Benchmarking Cloud VMs
Once in a while I compare the performance vs cost benefits of cloud vendors. In this case I just need to compare virtual machines, which is by far the most used service out there, so I guess sharing these results should be useful to many people.
Constrains
I am automating things are a pretty high degree so the vendors I am looking at should have a decent API that would allow me to create and destroy servers without ever going into the web admin interface.
I only care about compute for this project so we are only comparing that. There will be no added value if a vendor has features that we don’t use.
Methodology
By analyzing the offerings, I will choose some vendors and an instance type that is equivalent and the most cost effective.
Thus, the chosen instance size was 8G RAM and 4 vCPUs and the vendors are:
- Amazon Web Services
- Google Compute Engine
- Digital Ocean
- Linode
- Scaleway
We will test, CPU, Disk IO, memory and network bandwidth.
Environment
All tests would be done on Debian 8 because it has fairly recent tooling and it’s a popular and well maintained distro.
apt-get install fio sysbench ioping
Disk
All the instances had 100G SSD attached. Performance will vary significantly here because they use different technologies.
Random RW
fio --ioengine=libaio --direct=1 --bs=4k --iodepth=64 --size=5G --rw=randrw --gtod_reduce=1 --name=rw
Random Read
fio --ioengine=libaio --direct=1 --bs=4k --iodepth=64 --size=5G --rw=randread --gtod_reduce=1 --name=read
Random Write
fio --ioengine=libaio --direct=1 --bs=4k --iodepth=64 --size=5G --rw=randwrite --gtod_reduce=1 --name=write
CPU
We are running the tests with a different number of threads in order to observe if performance scales well as we increase the number of cores.

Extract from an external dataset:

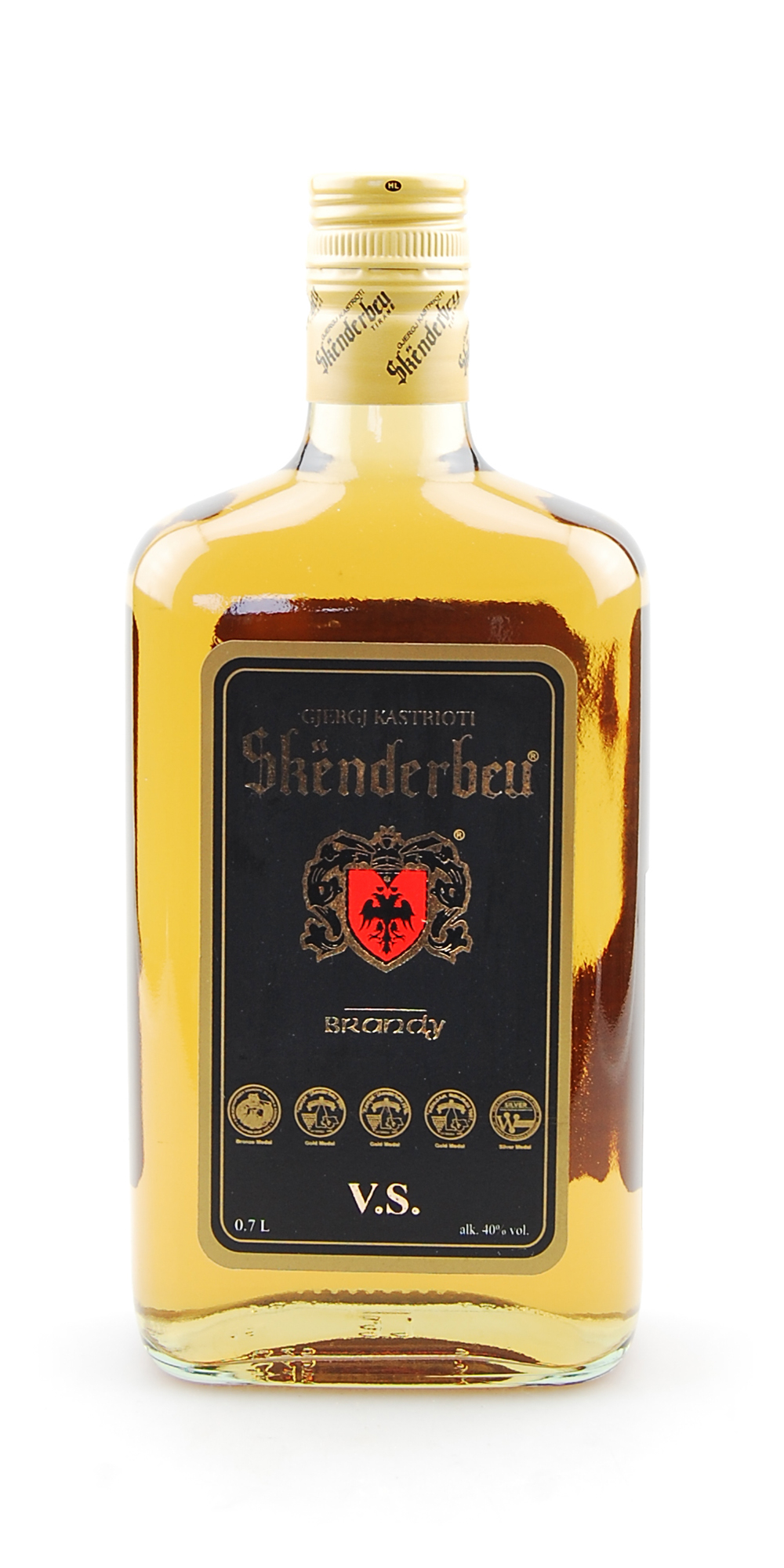 Original albanischer Skenderbeu Konjak, benannt nach dem großen albanischen Fürsten Gjergj Kastrioti, genannt Skenderbeg (alb. Skenderbeu, 1405 - 1468).

These tests should be repeated a few hours apart to determine observe if the CPU performance looks predictable or if there is a big chance for noisy neighbors.
for each in 1 2 4; do sysbench --test=cpu --cpu-max-prime=20000 --num-threads=$each run|grep "execution time"; done
Memory
sysbench --test=memory --num-threads=4 run | grep "execution time"
Bandwidth
-
On machine A
iperf -s -p 81
-
On machine B
iperf -c 10.150.0.146 -i 1 -t 60 -V -p 81
Results
Notes:
Amazon and Google both limit IO performance according to disk size. They both can perform very well with way more expensive storage. Scaleway offers a very interesting cloud offering with both physical and virtual servers. I tested both and each one is OK for a different job.
Conclusions:
- There is a huge difference in the cloud offering.
- Compute at Amazon is very expensive compared with others.
- I chose Linode in this case because peformance is really good at it’s price point.
- Out of these 5 vendors Scaleway seems the cheapest as of January 2017, but it depends on what do you need. To achive such a low cost they use commodity hardware with Atom CPUs but that is fine since it’s reflected in the price.
- Remember that in the cloud, CPUs, RAM, disks are not created equal.